PROVIDED MATERIAL START
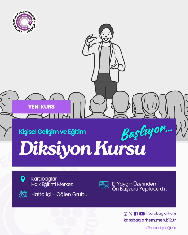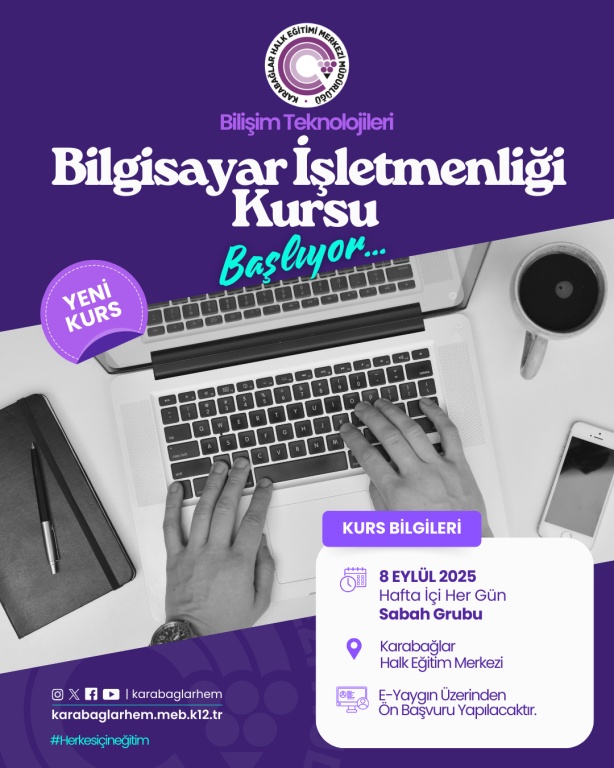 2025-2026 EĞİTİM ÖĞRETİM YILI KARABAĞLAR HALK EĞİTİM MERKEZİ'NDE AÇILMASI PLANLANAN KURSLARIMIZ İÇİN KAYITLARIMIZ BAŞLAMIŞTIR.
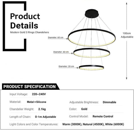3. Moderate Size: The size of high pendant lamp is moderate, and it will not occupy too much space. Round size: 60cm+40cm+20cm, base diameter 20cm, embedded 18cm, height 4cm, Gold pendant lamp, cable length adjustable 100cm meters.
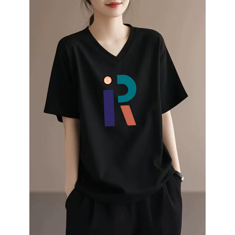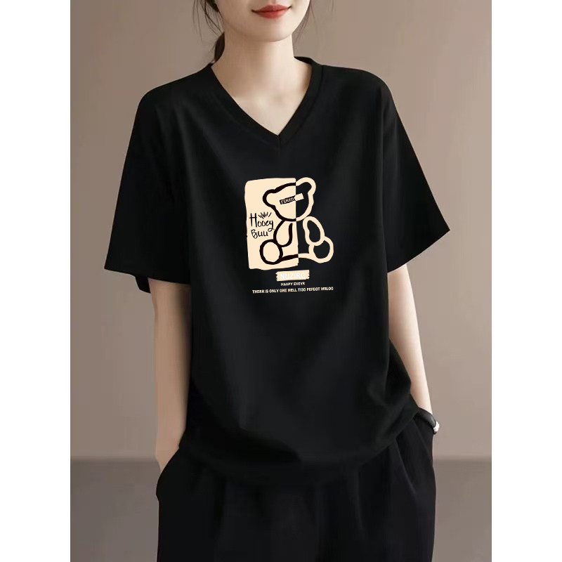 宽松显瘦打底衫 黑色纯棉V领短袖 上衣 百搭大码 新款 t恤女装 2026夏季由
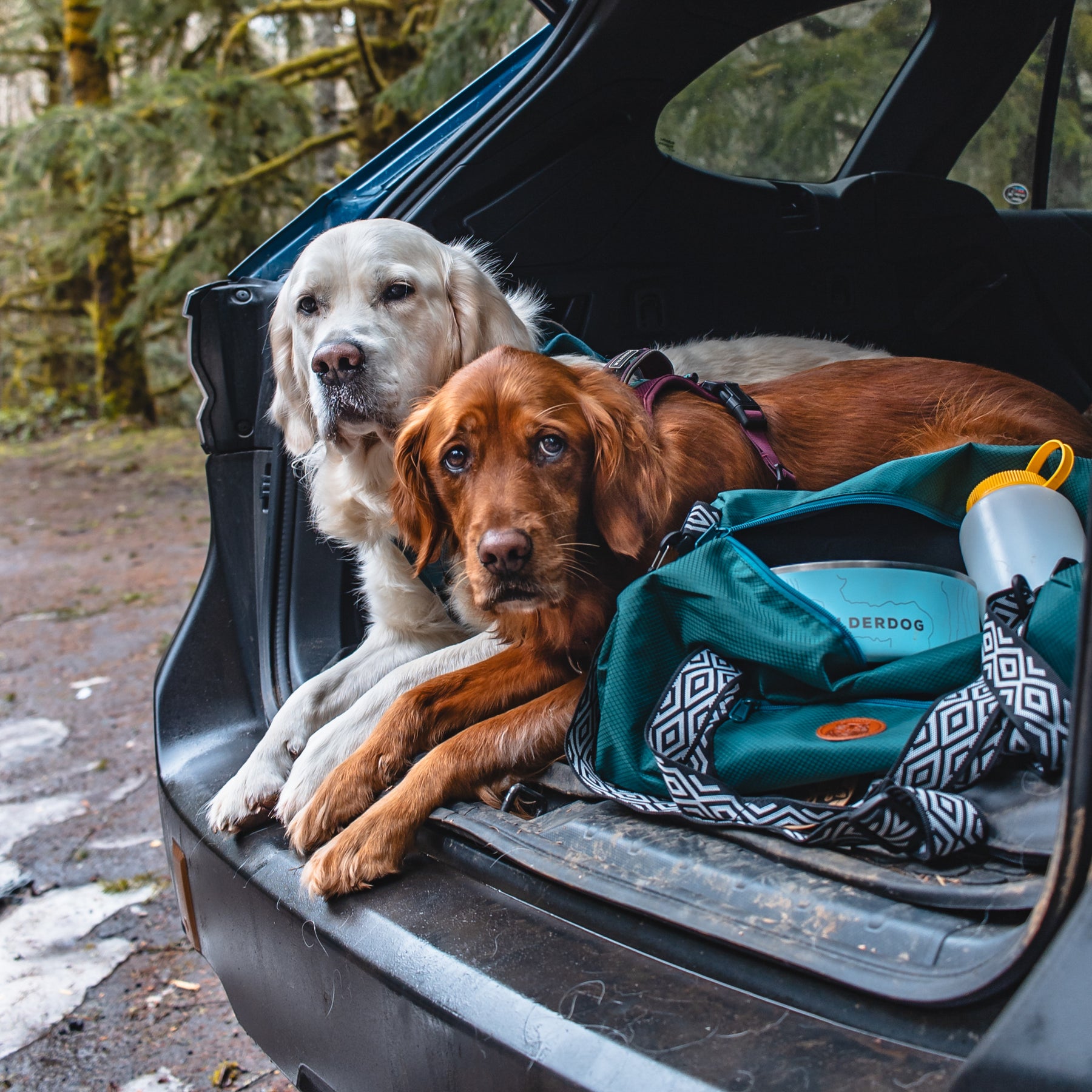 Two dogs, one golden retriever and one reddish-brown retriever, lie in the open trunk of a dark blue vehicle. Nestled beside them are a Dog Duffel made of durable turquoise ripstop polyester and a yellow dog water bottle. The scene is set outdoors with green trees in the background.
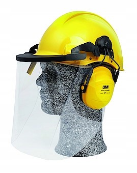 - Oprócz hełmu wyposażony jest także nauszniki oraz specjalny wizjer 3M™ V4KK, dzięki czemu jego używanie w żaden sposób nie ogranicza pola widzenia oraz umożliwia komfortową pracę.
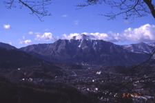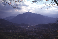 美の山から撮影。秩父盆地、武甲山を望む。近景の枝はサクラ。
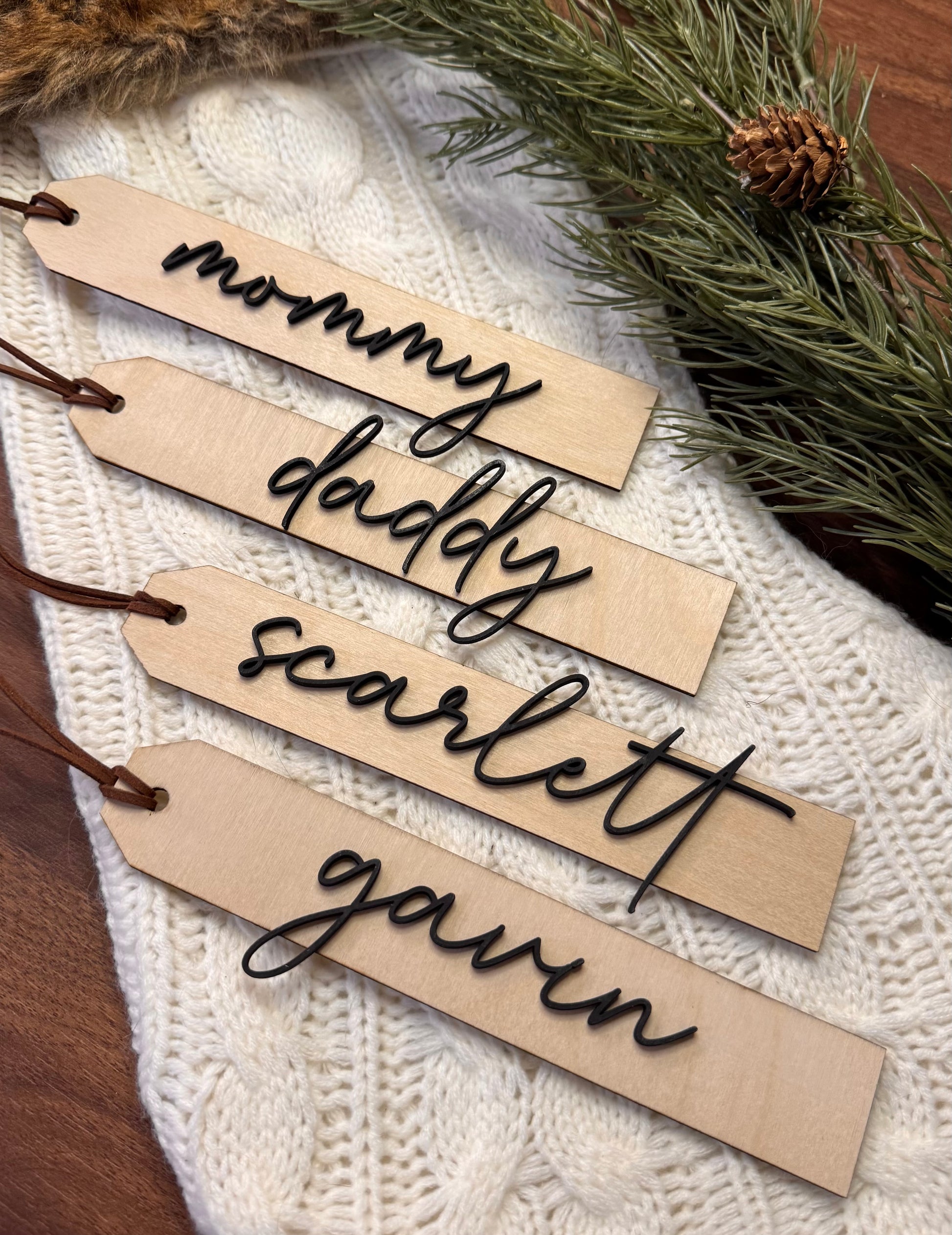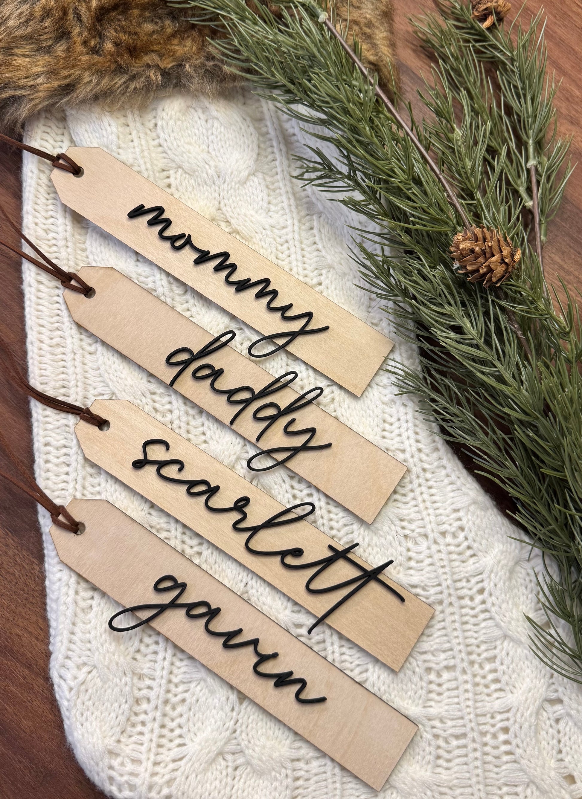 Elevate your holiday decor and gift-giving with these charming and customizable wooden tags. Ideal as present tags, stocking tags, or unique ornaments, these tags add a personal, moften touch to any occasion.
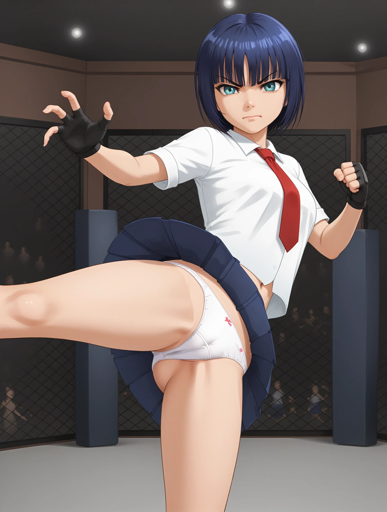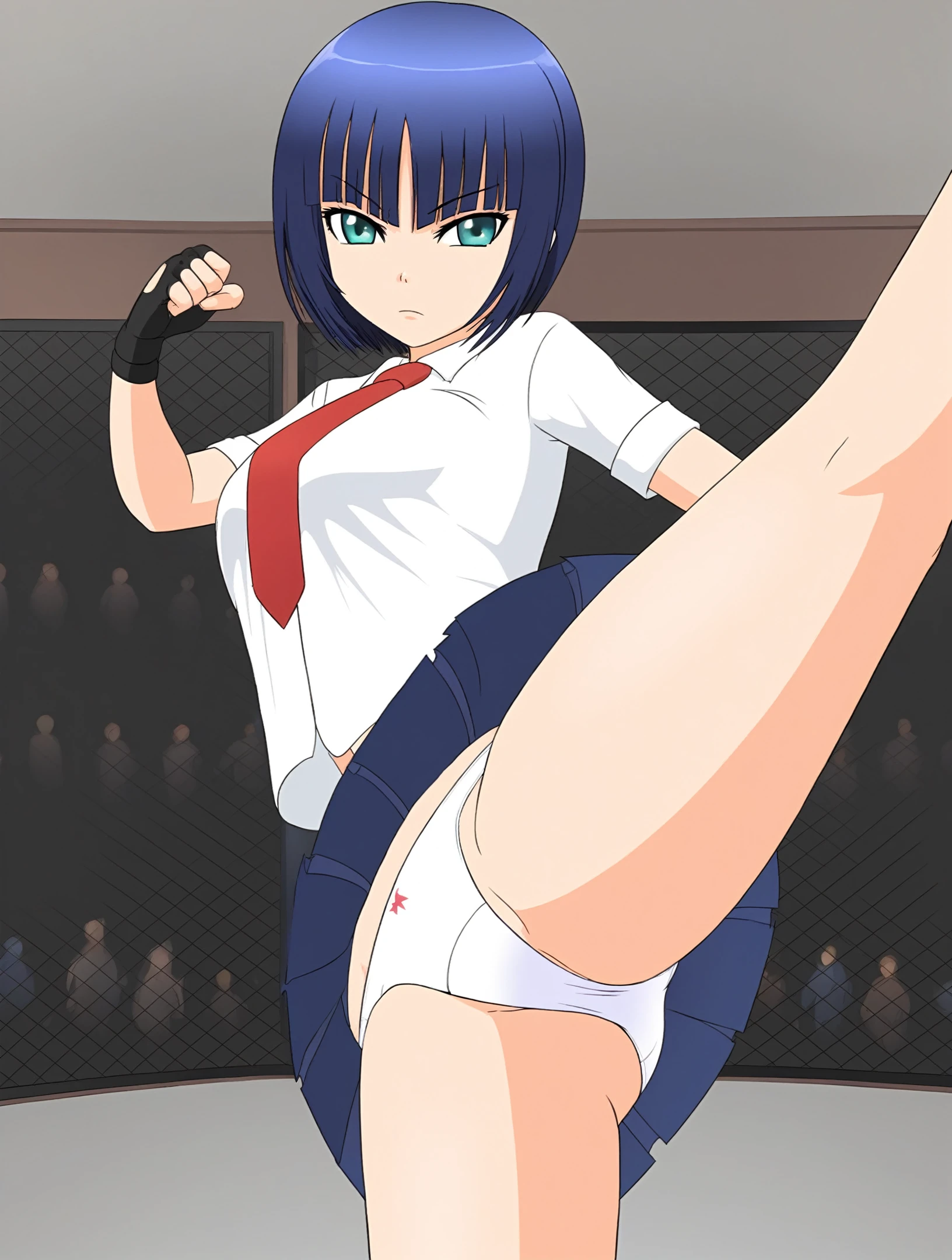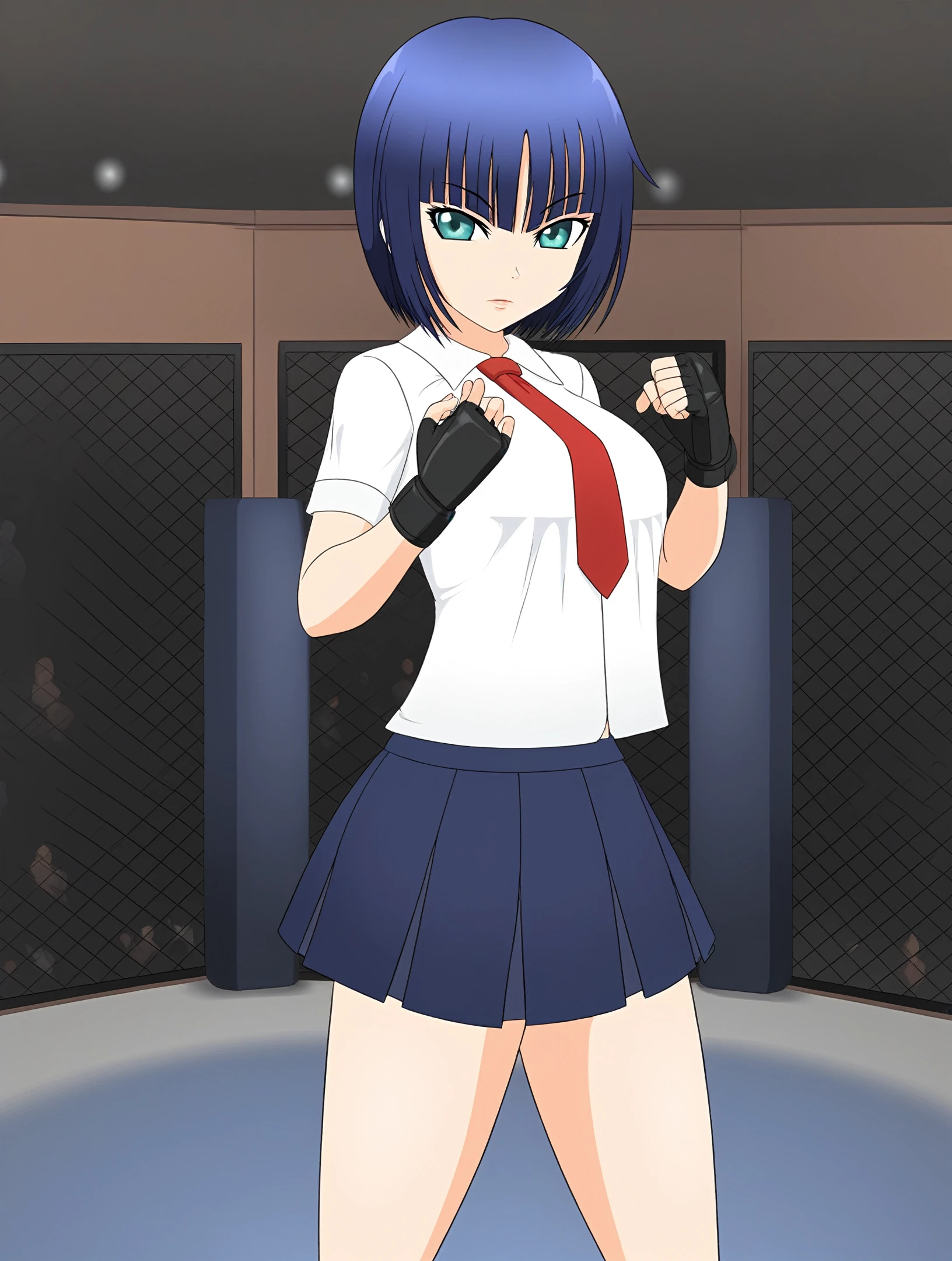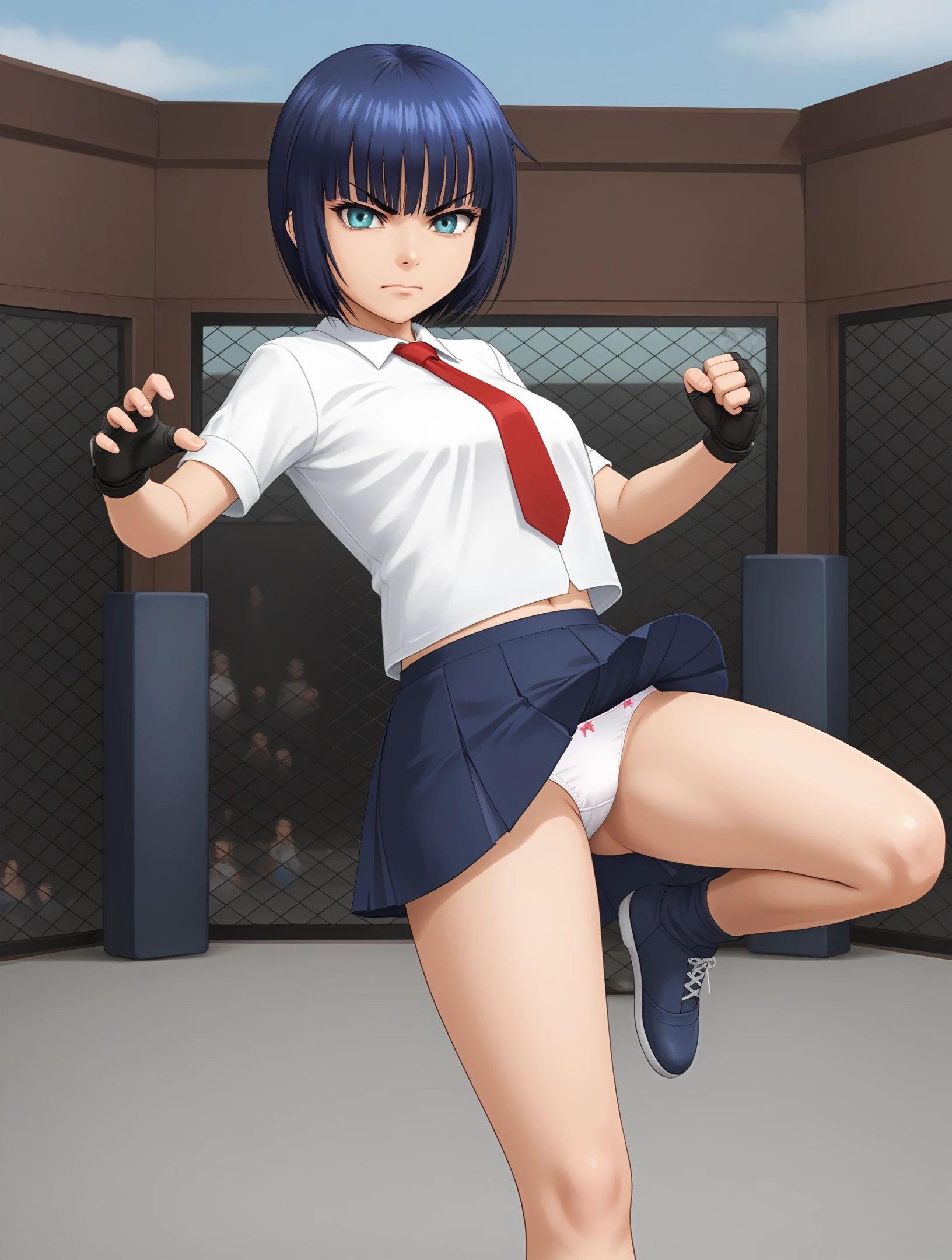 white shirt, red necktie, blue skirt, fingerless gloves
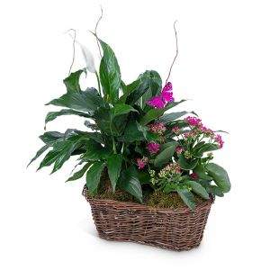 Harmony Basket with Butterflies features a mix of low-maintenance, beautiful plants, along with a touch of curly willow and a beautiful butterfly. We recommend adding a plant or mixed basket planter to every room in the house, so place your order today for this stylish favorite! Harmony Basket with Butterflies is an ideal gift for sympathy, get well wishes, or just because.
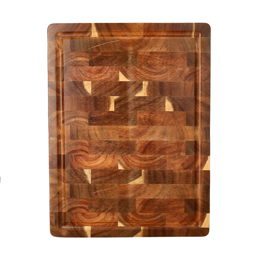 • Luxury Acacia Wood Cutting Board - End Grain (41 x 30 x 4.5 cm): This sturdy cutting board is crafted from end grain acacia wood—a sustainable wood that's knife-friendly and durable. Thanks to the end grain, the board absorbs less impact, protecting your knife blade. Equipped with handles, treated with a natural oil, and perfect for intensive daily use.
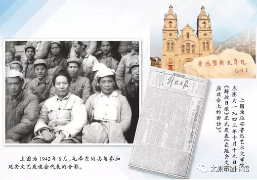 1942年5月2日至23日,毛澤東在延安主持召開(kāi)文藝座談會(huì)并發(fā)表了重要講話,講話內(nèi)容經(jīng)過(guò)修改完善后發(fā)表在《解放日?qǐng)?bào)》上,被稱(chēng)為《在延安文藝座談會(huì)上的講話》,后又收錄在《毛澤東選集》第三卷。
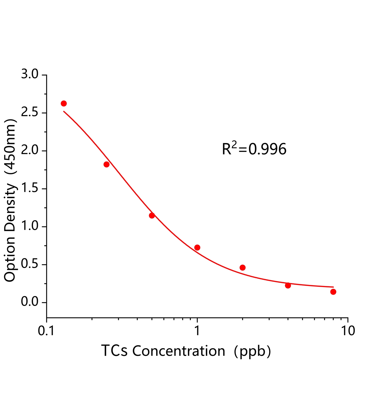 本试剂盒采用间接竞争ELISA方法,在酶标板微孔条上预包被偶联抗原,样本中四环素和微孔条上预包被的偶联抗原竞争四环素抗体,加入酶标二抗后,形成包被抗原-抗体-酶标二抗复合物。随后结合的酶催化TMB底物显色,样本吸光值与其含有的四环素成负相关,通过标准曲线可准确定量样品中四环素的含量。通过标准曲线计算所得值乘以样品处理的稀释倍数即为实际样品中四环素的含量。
PROVIDED MATERIAL END
The answer should consist only of the lines above from the one with "3. Moderate Size: The" through the one with "Harmony Basket with Butterflies features", repeated exactly, with no pictures among them.

3. Moderate Size: The size of high pendant lamp is moderate, and it will not occupy too much space. Round size: 60cm+40cm+20cm, base diameter 20cm, embedded 18cm, height 4cm, Gold pendant lamp, cable length adjustable 100cm meters.
 宽松显瘦打底衫 黑色纯棉V领短袖 上衣 百搭大码 新款 t恤女装 2026夏季由
 Two dogs, one golden retriever and one reddish-brown retriever, lie in the open trunk of a dark blue vehicle. Nestled beside them are a Dog Duffel made of durable turquoise ripstop polyester and a yellow dog water bottle. The scene is set outdoors with green trees in the background.
 - Oprócz hełmu wyposażony jest także nauszniki oraz specjalny wizjer 3M™ V4KK, dzięki czemu jego używanie w żaden sposób nie ogranicza pola widzenia oraz umożliwia komfortową pracę.
 美の山から撮影。秩父盆地、武甲山を望む。近景の枝はサクラ。
 Elevate your holiday decor and gift-giving with these charming and customizable wooden tags. Ideal as present tags, stocking tags, or unique ornaments, these tags add a personal, moften touch to any occasion.
 white shirt, red necktie, blue skirt, fingerless gloves
 Harmony Basket with Butterflies features a mix of low-maintenance, beautiful plants, along with a touch of curly willow and a beautiful butterfly. We recommend adding a plant or mixed basket planter to every room in the house, so place your order today for this stylish favorite! Harmony Basket with Butterflies is an ideal gift for sympathy, get well wishes, or just because.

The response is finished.